_Data block:_
--------------------
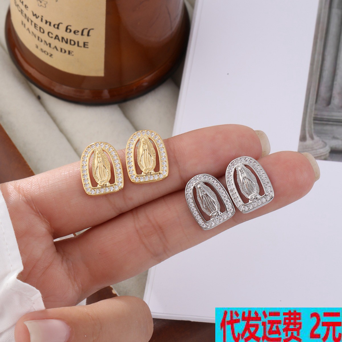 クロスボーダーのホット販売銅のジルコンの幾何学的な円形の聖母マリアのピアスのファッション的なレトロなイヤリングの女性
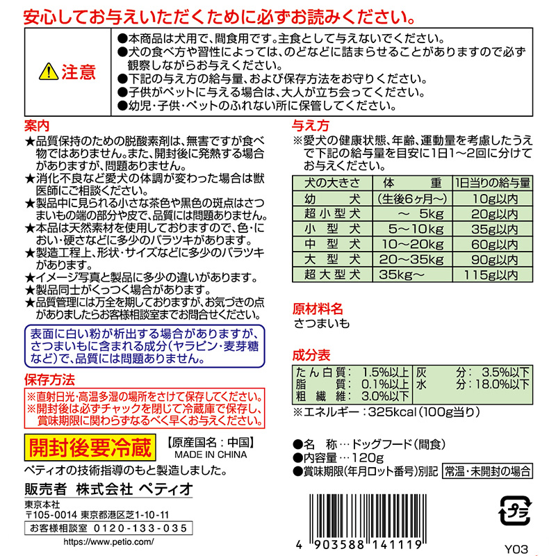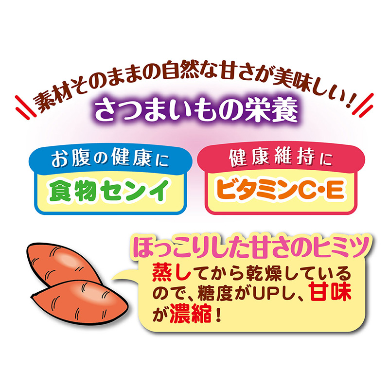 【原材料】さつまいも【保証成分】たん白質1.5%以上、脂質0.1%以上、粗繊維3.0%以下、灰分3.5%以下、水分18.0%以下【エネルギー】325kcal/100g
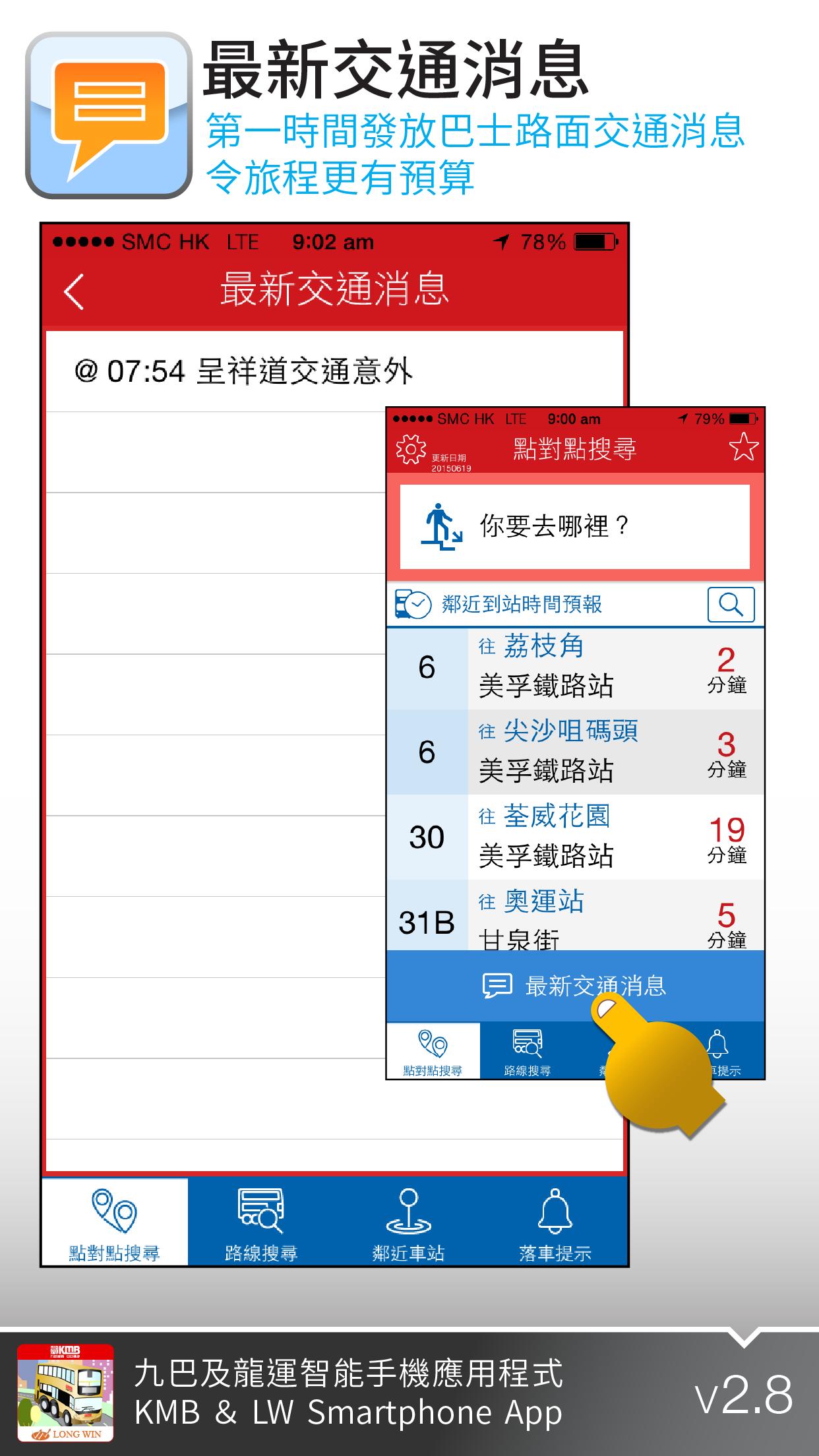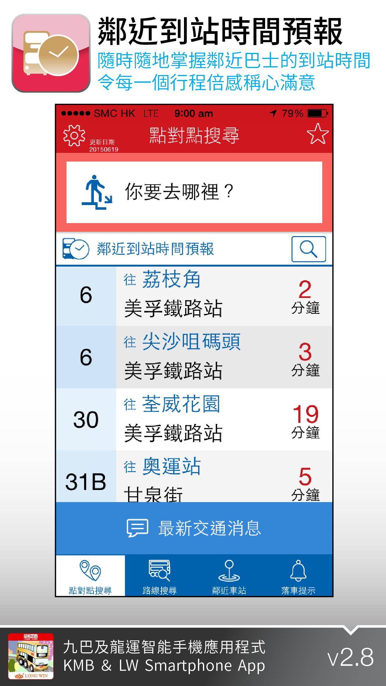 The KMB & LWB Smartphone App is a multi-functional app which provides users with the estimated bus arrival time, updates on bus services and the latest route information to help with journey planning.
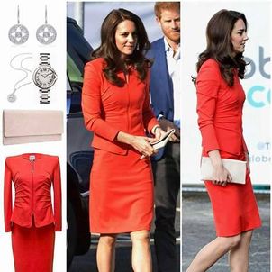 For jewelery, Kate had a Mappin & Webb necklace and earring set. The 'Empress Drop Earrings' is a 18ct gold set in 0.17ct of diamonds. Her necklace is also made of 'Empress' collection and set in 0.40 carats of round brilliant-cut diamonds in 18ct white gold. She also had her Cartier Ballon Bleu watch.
--------------------
_How to complete this task:_ Everything in the listing except the pictures must come back exactly as written.

_Solved problem:_
 クロスボーダーのホット販売銅のジルコンの幾何学的な円形の聖母マリアのピアスのファッション的なレトロなイヤリングの女性
 【原材料】さつまいも【保証成分】たん白質1.5%以上、脂質0.1%以上、粗繊維3.0%以下、灰分3.5%以下、水分18.0%以下【エネルギー】325kcal/100g
 The KMB & LWB Smartphone App is a multi-functional app which provides users with the estimated bus arrival time, updates on bus services and the latest route information to help with journey planning.
 For jewelery, Kate had a Mappin & Webb necklace and earring set. The 'Empress Drop Earrings' is a 18ct gold set in 0.17ct of diamonds. Her necklace is also made of 'Empress' collection and set in 0.40 carats of round brilliant-cut diamonds in 18ct white gold. She also had her Cartier Ballon Bleu watch.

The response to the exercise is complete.